3-Säulen-Modell hemmt Mobilität
„Mehr Säulen bringen mehr Sicherheit.“ Mit diesem scheinbar logischem Befund wird Kürzungen der öffentlichen Pensionen und Förderungen für Zusatzpensionen das Wort geredet. Das Bild wirkt auf den ersten Blick überzeugend, auf den zweiten Blick erkennt man aber: Es ist falsch. Das zeigt nicht nur das Beispiel Deutschlands. Denn Betriebspensionen und Privatpensionen gibt es für die meisten Menschen nicht. Und außerdem setzen sie die Menschen den unkalkulierbaren Finanzmarktrisiken aus. Die Pensionen werden nicht sicherer, wenn man sie von drei statt einer Stelle bezieht. Volkswirtschaftlich betrachtet ist ein Pensionssystem, das mit drei Säulen (= drei Verwaltungsapparate) dieselbe Funktion erfüllt, wie bislang die gesetzliche Pensionsversicherung allein sicher nicht kostengünstiger, sondern teurer. Der Vorteil des niedrigen Verwaltungsaufwands in der Sozialversicherung würde preisgegeben.

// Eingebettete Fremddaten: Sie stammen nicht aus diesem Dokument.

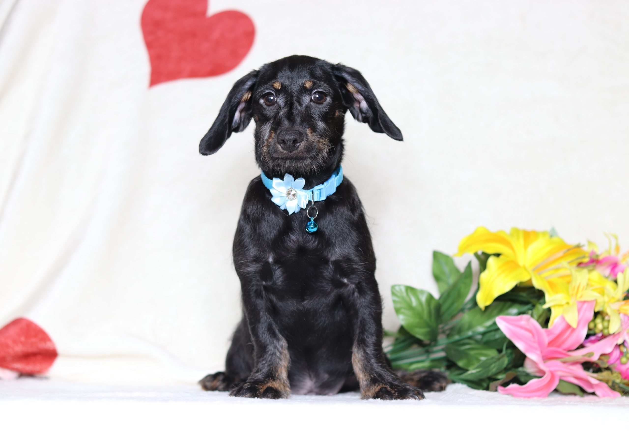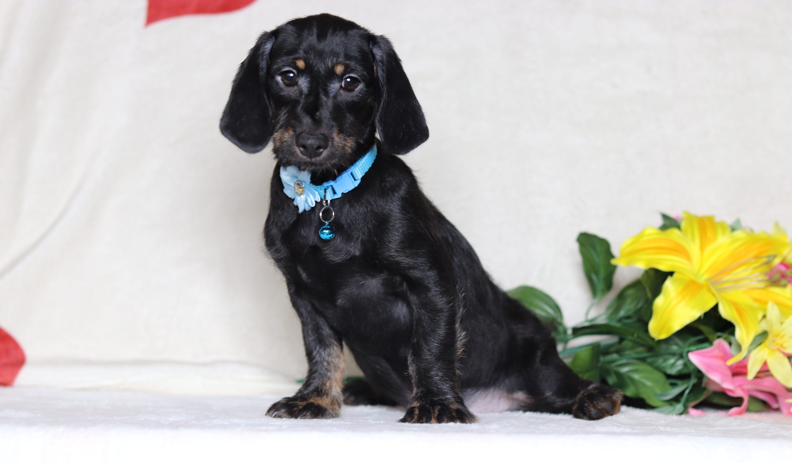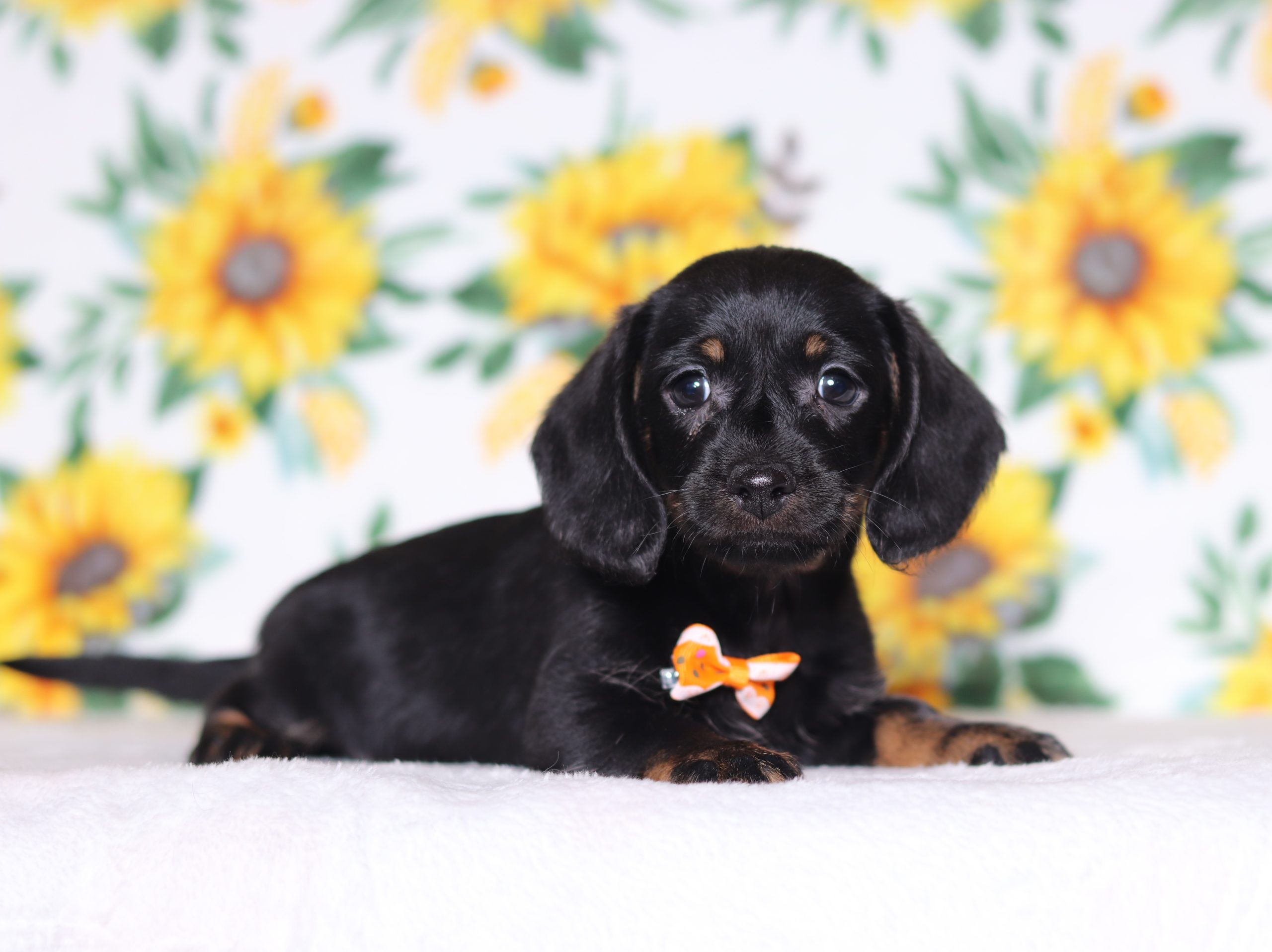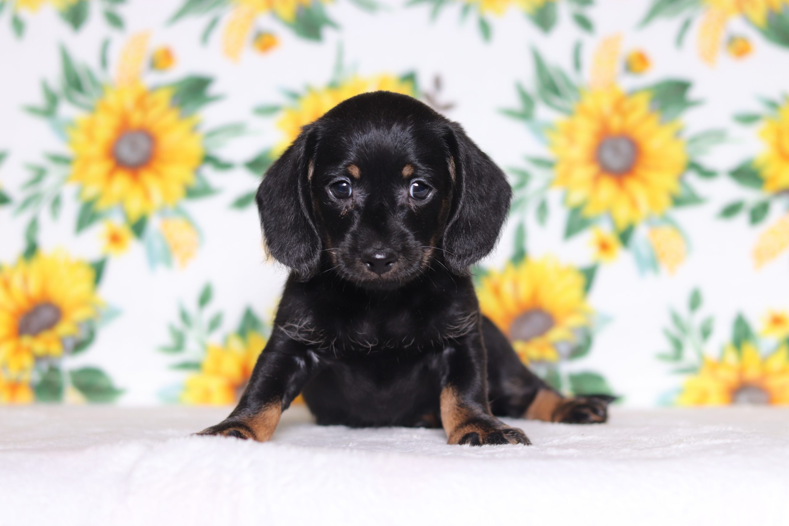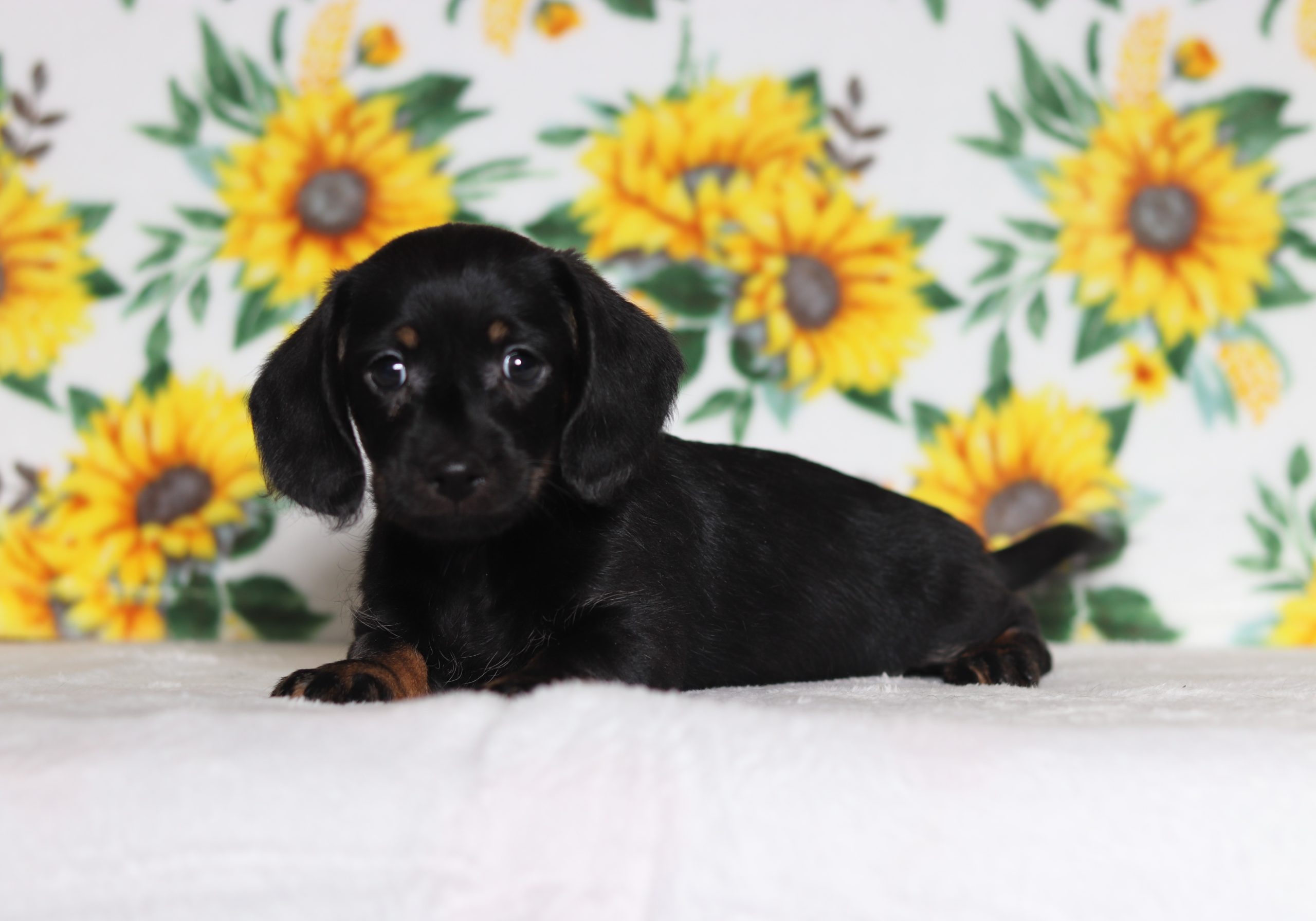 Pinto, the black/tan shorthaired mini dachshund is very caring and sweet! He is such a cheerful little boy, a great companion to his littermates! His temperament is wonderful! He is eager to please and a bundle of love!
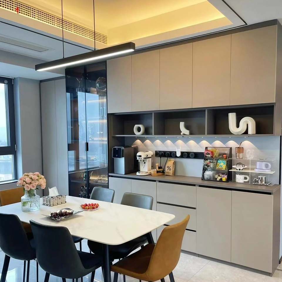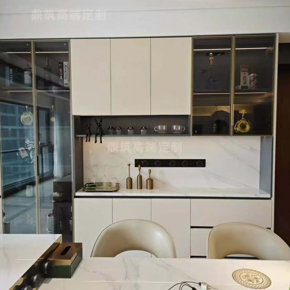 Aparador Moderno de Madera Maciza de Lujo, Estilo de Diseño Chino para Comedor y Sala de Estar con Funciones de Almacenamiento y Exhibición de Vinos
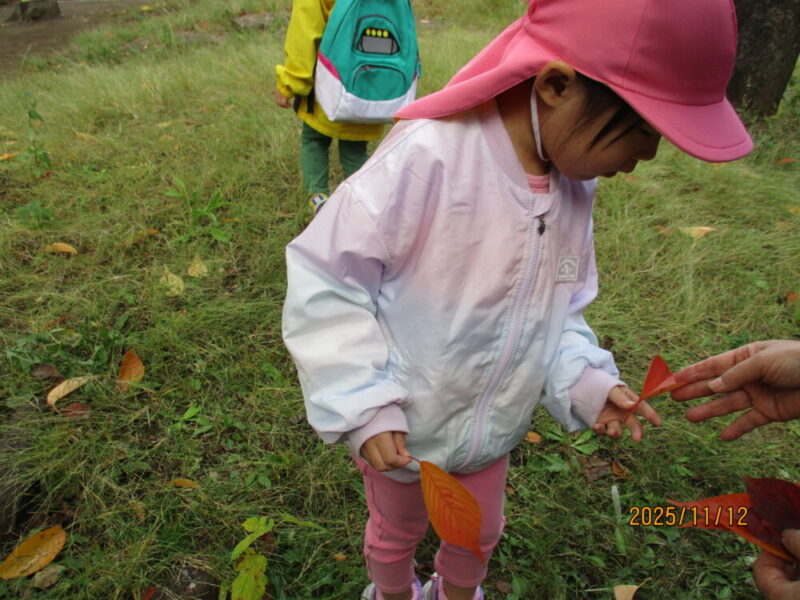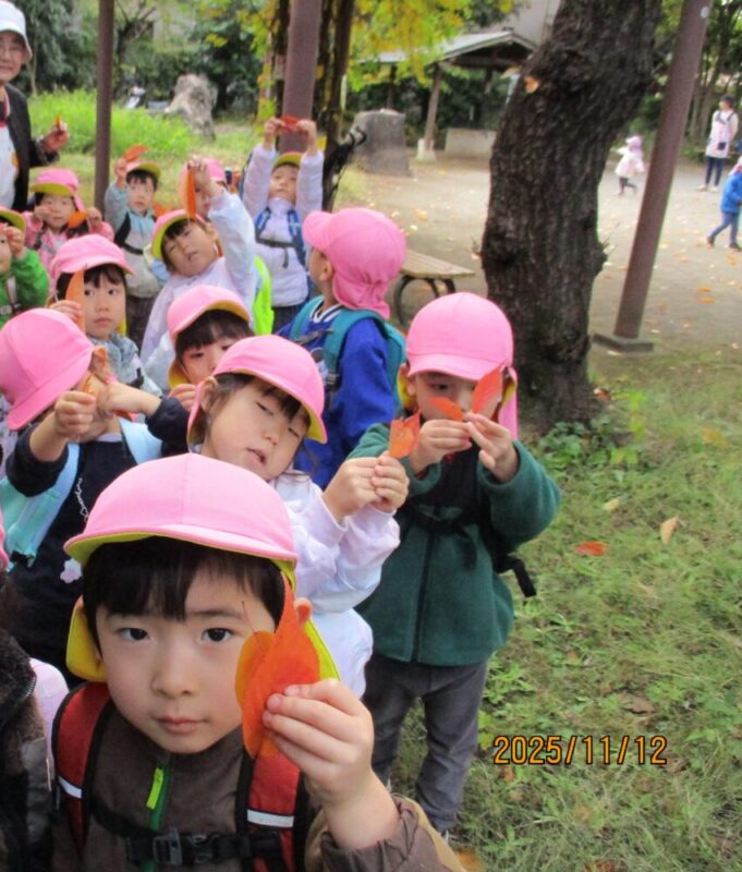 3歳 ゆり組が秋の一日、「秋探し」の散歩に行きました。

Gleichzeitig würden für viele Menschen Lücken entstehen: In der zweiten Säule, der betrieblichen Pensionsvorsorge, werden nur Zeiten der Erwerbstätigkeit in jenen Betrieben erfasst, die betriebliche Pensionen anbieten. Das trifft aber nur auf eine Minderheit der ArbeitnehmerInnen in Österreich zu. Hinzu kommt, dass im Gegensatz zur solidarischen Pensionsversicherung Perioden der Arbeitslosigkeit, der atypischen Beschäftigung oder der Kindererziehung nicht berücksichtigt werden. Das ist der zentrale Vorteil von öffentlichen Pensionssystemen: es sind alle Erwerbstätigen erfasst. Und jeder Arbeitgeber muss ab dem Beginn jeder Beschäftigung Pensionsversicherungsbeiträge abführen. Es gibt keine Lücken in der Absicherung. Anders bei Betriebspensionen: Erstens haben die meisten Arbeitgeber keine Betriebspensionsregelungen, und zweitens muss man meist ein paar Jahre beim selben Arbeitgeber durchgehend beschäftigt sein, um einen Anspruch auf Betriebspensionen erworben zu haben. Arbeitgeber sehen Betriebspensionsregelungen nämlich weniger als sozialpolitisches denn als personalpolitisches Instrument.
Die dritte Säule, die freiwillige Altersvorsorge, ist allein von den ArbeitnehmerInnen zu finanzieren, der Arbeitgeber zahlt keine Beiträge. Das 3-Säulen-Modell ist also Ausdruck eines Konzepts, das auf weniger gesellschaftlichem Ausgleich und vermehrtem Risiko für die Einzelnen beruht. Die starke Gewichtung der öffentlichen Pensionen in Österreich ist so gesehen kein Nachteil, sondern ein Vorteil. Sie gewährleistet, dass die Absicherung im Alter nicht davon abhängt, bei wie vielen verschiedenen Arbeitgebern man beschäftigt war. Entscheidend ist die Anzahl der Versicherungsjahre, unabhängig davon, ob diese beim selben Arbeitgeber oder bei vielen geleistet wurden. Ein gut ausgebautes öffentliches Pensionssystem erleichtert daher die Mobilität der ArbeitnehmerInnen. Denn ein Arbeitsplatzwechsel bedeutet keinen Nachteil bei der Altersvorsorge.